CAJ | 학술논문

目的观察骨髓间充质干细胞(MSC)对大鼠IgA肾病有无修复作用,并探讨其可能的机制.方法 SD大鼠随机分为MSC注射组、生理盐水(Ns)组及健康对照组.前两组以牛血清白蛋白(BSA)+葡萄球菌肠毒索B(SEB)+皮下注射四氯化碳(CC14)的改良法建立IgA肾病模型.体外连续培养SD大鼠MSC并通过流式细胞仪和成骨成脂细胞诱导分化鉴定MSC,用5-溴脱氧尿嘧啶核苷(BrdU)体外标记培养的MSC.移植后1周及4周分别观察3组的体质量、尿蛋白量(24 h)、肾功能、肾脏病理变化、IgA荧光沉积变化;ELISA法榆测尿中的MCP-1、TGF-β1量;RT-PCR法检测肾组织中MCP-1、TGF-β1 mRNA的表达情况;免疫组化观察细胞因子及BrdU标记的MSC在肾组织中的分布情况.结果移植后1周,MSC组尿蛋白量(24 h)(36.86±4.78)mg,Scr(53.50±6.28)μmol/L;NS组尿蛋白量(24 h)(66.98±5.86)mg,Scr(82.50±8.36)μmol/L,两组差异有统计学意义(均P<0.05);同时,MSC组MCP-1、TGF-β1在尿中的含量及肾脏中表达均显著低于NS组(均P<0.05).移植后4周,MSC组体质量、肾脏病理变化、IgA荧光沉积与NS组差异有统计学意义;MCP-1、TGF-β1在尿中的含量及肾脏中的表达与健康对照组差异无统计学意义.随时间延长,BrdU标记的MSC在肾组织中分布却逐渐减少.结论 MSC输注可促进大鼠IgA肾病的修复,其作用机制可能并不完全是依赖于MSC的直接分化,而是通过调节肾组织中细胞因子的分泌和(或)其他的功能进行修复.

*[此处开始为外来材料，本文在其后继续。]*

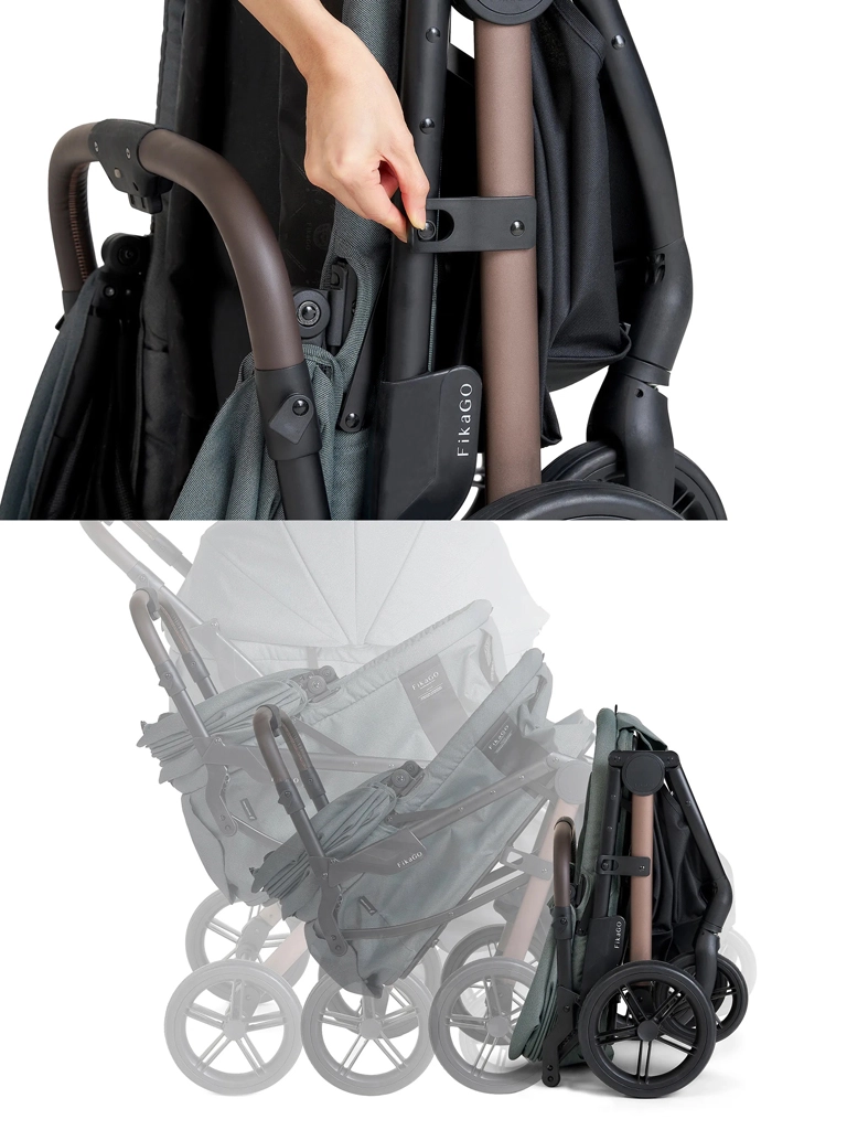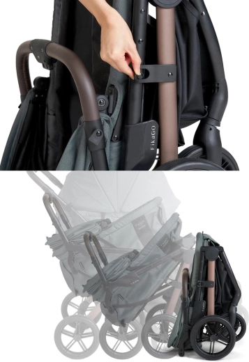 Manipulation facile et compacité grâce au pliage automatique à une main avec verrouillage automatique. Une fois pliée, la poussette tient debout seule, économisant de la place à la maison et dans la voiture. La poignée en cuir ergonomique est agréable au toucher et facilite la prise en main. Avec les roues avant pivotantes à 360° et la suspension intégrale, la conduite est fluide sur les trottoirs urbains comme sur les allées de parc.
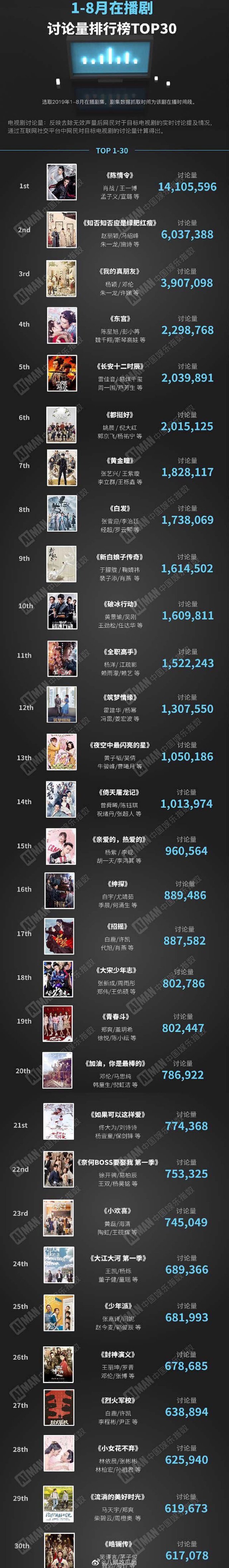 Top 30 bộ phim truyền hình có lượng thảo luận cao nhất từ tháng 1- 8/2019:

목적 관찰골수간충질간세포(MSC)대대서IgA신병유무수복작용,병탐토기가능적궤제.방법 SD대서수궤분위MSC주사조、생리염수(Ns)조급건강대조조.전량조이우혈청백단백(BSA)+포도구균장독색B(SEB)+피하주사사록화탄(CC14)적개량법건립IgA신병모형.체외련속배양SD대서MSC병통과류식세포의화성골성지세포유도분화감정MSC,용5-추탈양뇨밀정핵감(BrdU)체외표기배양적MSC.이식후1주급4주분별관찰3조적체질량、뇨단백량(24 h)、신공능、신장병리변화、IgA형광침적변화;ELISA법유측뇨중적MCP-1、TGF-β1량;RT-PCR법검측신조직중MCP-1、TGF-β1 mRNA적표체정황;면역조화관찰세포인자급BrdU표기적MSC재신조직중적분포정황.결과 이식후1주,MSC조뇨단백량(24 h)(36.86±4.78)mg,Scr(53.50±6.28)μmol/L;NS조뇨단백량(24 h)(66.98±5.86)mg,Scr(82.50±8.36)μmol/L,량조차이유통계학의의(균P<0.05);동시,MSC조MCP-1、TGF-β1재뇨중적함량급신장중표체균현저저우NS조(균P<0.05).이식후4주,MSC조체질량、신장병리변화、IgA형광침적여NS조차이유통계학의의;MCP-1、TGF-β1재뇨중적함량급신장중적표체여건강대조조차이무통계학의의.수시간연장,BrdU표기적MSC재신조직중분포각축점감소.결론 MSC수주가촉진대서IgA신병적수복,기작용궤제가능병불완전시의뢰우MSC적직접분화,이시통과조절신조직중세포인자적분비화(혹)기타적공능진행수복.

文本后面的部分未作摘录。